**Exercise input**
++++++

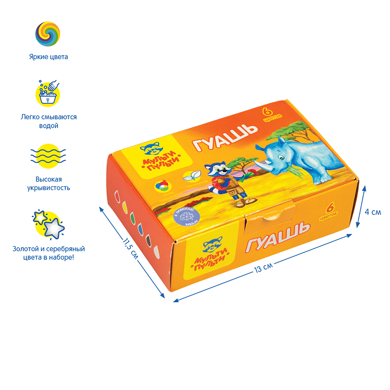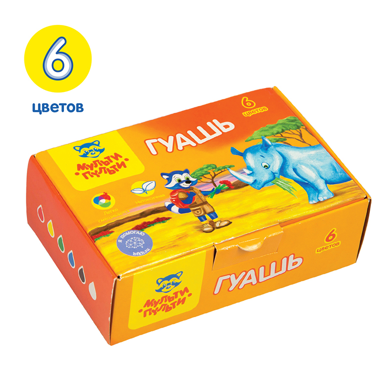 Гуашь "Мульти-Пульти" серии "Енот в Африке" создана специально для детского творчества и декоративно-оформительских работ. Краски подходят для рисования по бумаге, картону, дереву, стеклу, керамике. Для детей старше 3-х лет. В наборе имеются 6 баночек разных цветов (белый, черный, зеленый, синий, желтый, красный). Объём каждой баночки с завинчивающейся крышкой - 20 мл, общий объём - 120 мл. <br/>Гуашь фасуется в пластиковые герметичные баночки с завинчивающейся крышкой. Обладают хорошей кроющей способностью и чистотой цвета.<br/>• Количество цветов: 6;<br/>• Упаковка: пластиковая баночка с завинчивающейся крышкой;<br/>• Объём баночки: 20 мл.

++++++

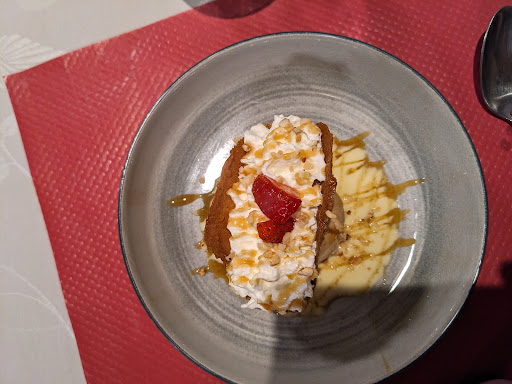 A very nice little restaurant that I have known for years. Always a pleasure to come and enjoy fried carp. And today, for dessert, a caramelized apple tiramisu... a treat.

++++++

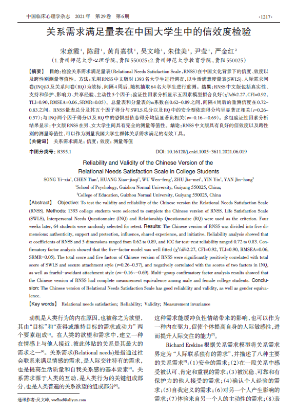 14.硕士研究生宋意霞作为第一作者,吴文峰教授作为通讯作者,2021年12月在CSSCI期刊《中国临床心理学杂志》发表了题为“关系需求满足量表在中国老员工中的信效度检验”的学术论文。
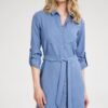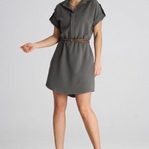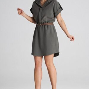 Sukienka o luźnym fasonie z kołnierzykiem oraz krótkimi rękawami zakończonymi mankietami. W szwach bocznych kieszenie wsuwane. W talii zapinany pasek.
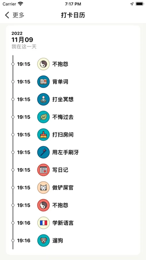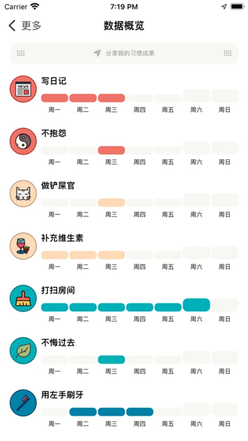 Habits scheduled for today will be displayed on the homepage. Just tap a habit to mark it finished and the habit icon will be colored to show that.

++++++

**Exercise**
Given the entries above, transcribe exactly the lines from the one holding "Sukienka o luźnym" through the one holding "Habits scheduled for"; pictures do not belong in the transcription.

**Answer below**
 Sukienka o luźnym fasonie z kołnierzykiem oraz krótkimi rękawami zakończonymi mankietami. W szwach bocznych kieszenie wsuwane. W talii zapinany pasek.
 Habits scheduled for today will be displayed on the homepage. Just tap a habit to mark it finished and the habit icon will be colored to show that.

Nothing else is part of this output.